* Record extracts *
........

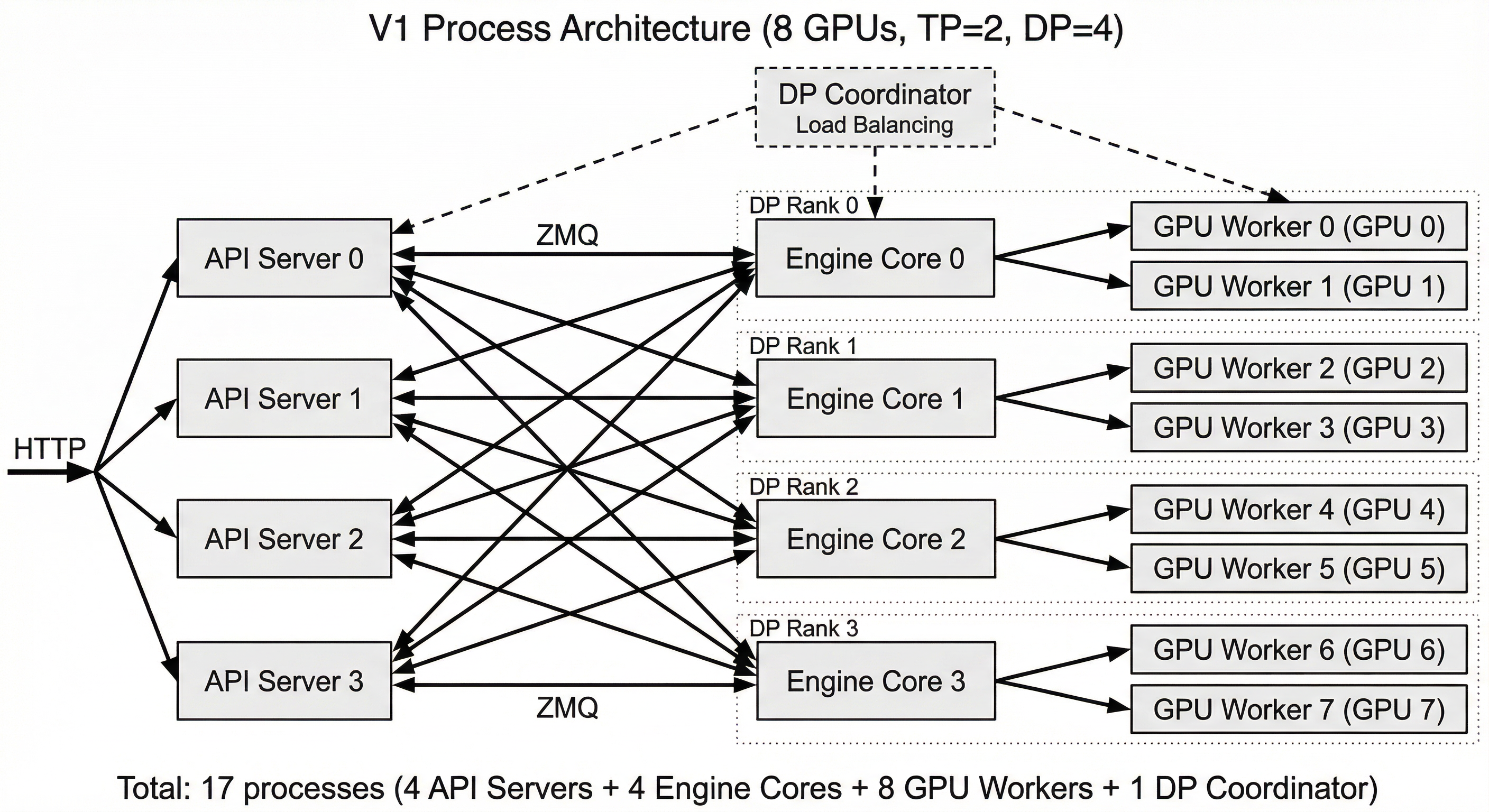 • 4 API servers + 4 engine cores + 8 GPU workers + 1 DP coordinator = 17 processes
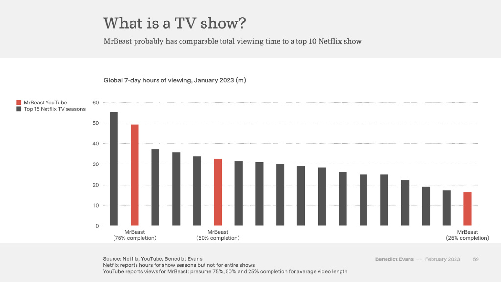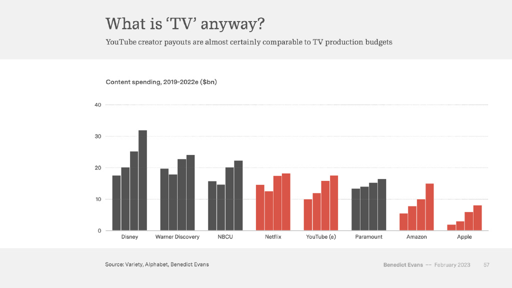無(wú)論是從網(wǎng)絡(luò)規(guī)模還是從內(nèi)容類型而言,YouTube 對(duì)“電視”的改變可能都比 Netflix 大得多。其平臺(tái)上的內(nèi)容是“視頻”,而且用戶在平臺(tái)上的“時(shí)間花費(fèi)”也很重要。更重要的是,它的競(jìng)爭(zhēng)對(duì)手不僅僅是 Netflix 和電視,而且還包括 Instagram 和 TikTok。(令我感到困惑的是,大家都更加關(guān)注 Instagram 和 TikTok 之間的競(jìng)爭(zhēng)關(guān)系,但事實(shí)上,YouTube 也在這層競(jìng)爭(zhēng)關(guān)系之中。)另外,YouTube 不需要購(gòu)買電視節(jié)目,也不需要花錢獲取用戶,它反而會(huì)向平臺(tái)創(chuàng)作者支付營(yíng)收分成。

........

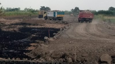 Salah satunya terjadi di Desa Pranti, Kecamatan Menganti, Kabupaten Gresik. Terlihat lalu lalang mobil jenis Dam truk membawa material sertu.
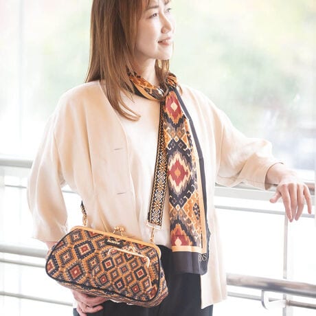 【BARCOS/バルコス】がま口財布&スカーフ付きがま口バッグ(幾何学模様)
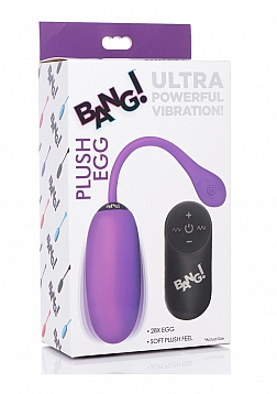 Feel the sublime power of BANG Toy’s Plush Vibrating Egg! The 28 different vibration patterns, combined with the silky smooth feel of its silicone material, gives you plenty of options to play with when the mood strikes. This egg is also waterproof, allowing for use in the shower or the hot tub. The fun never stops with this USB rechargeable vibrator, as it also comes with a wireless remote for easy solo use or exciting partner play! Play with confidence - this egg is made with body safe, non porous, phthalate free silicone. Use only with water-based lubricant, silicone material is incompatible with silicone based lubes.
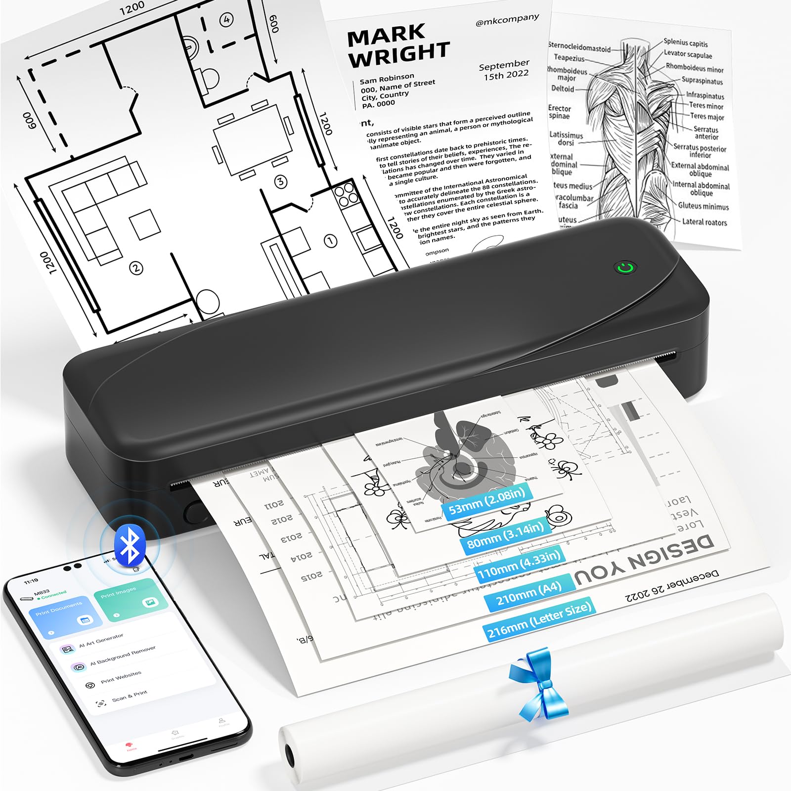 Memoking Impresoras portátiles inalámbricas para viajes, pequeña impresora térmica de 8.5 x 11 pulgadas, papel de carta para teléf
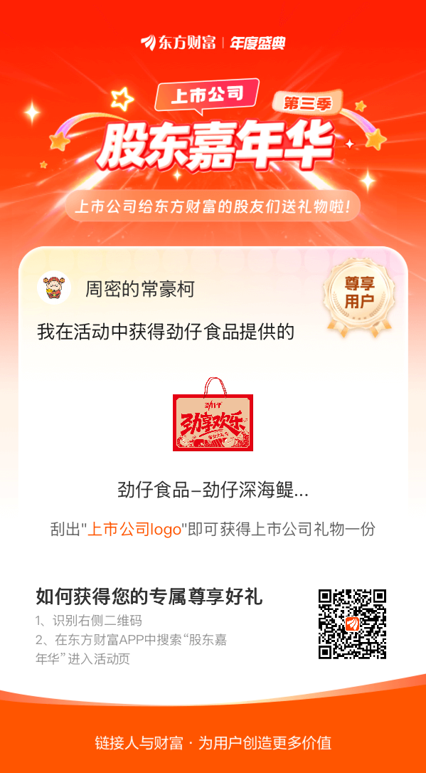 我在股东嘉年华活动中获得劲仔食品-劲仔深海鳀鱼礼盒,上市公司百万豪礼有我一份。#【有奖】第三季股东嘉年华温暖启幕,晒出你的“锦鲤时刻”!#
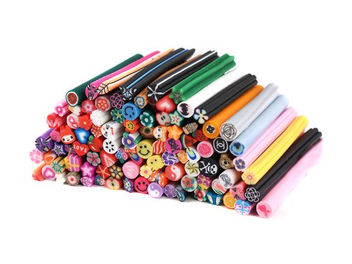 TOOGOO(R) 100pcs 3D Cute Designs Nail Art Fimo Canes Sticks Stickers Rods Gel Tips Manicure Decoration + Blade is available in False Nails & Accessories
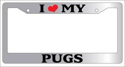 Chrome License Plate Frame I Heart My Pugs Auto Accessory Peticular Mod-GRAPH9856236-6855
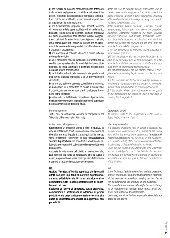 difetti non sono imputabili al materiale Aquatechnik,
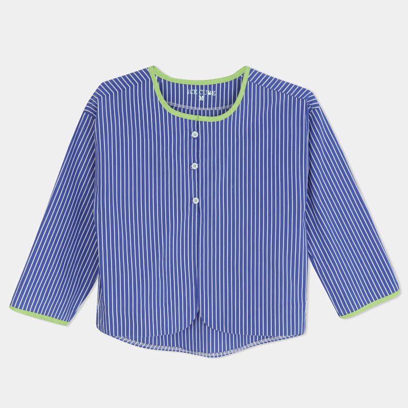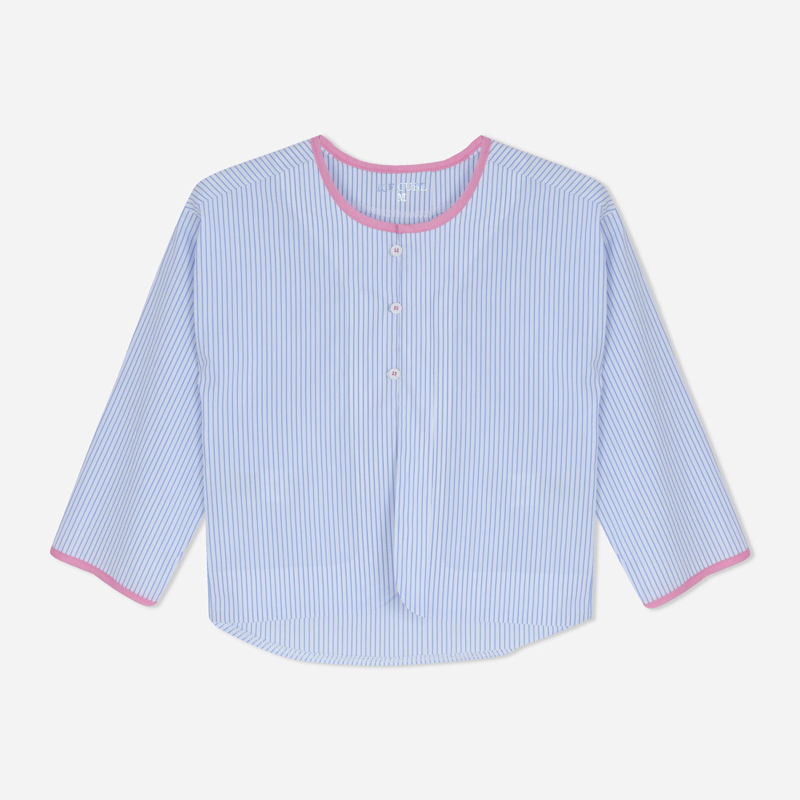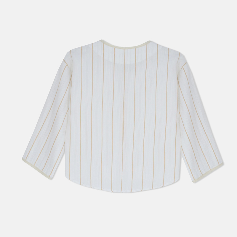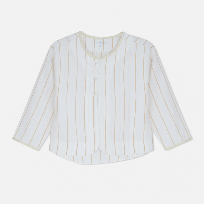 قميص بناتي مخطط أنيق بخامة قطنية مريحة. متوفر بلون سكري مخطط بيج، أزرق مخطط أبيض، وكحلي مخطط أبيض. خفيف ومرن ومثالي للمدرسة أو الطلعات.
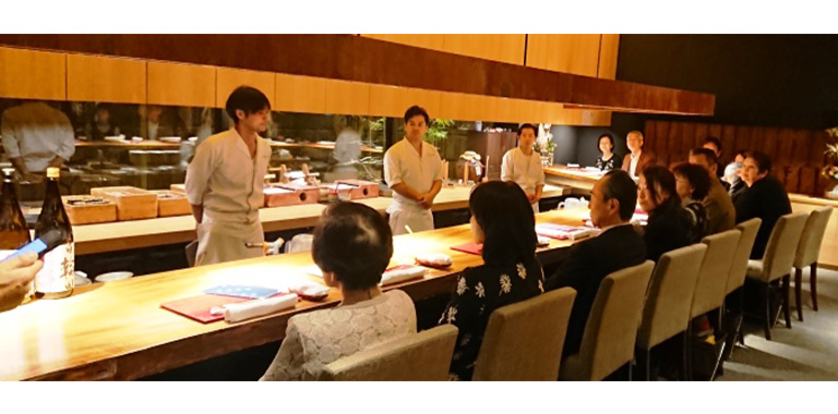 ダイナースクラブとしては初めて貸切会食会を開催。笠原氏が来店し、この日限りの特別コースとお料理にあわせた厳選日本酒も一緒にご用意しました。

........

* What to work on *
Above are some records. Reproduce the lines from the one with "قميص بناتي مخطط" down to the one with "ダイナースクラブとしては初め", keeping both, and leave every picture out.

* Task output *
 قميص بناتي مخطط أنيق بخامة قطنية مريحة. متوفر بلون سكري مخطط بيج، أزرق مخطط أبيض، وكحلي مخطط أبيض. خفيف ومرن ومثالي للمدرسة أو الطلعات.
 ダイナースクラブとしては初めて貸切会食会を開催。笠原氏が来店し、この日限りの特別コースとお料理にあわせた厳選日本酒も一緒にご用意しました。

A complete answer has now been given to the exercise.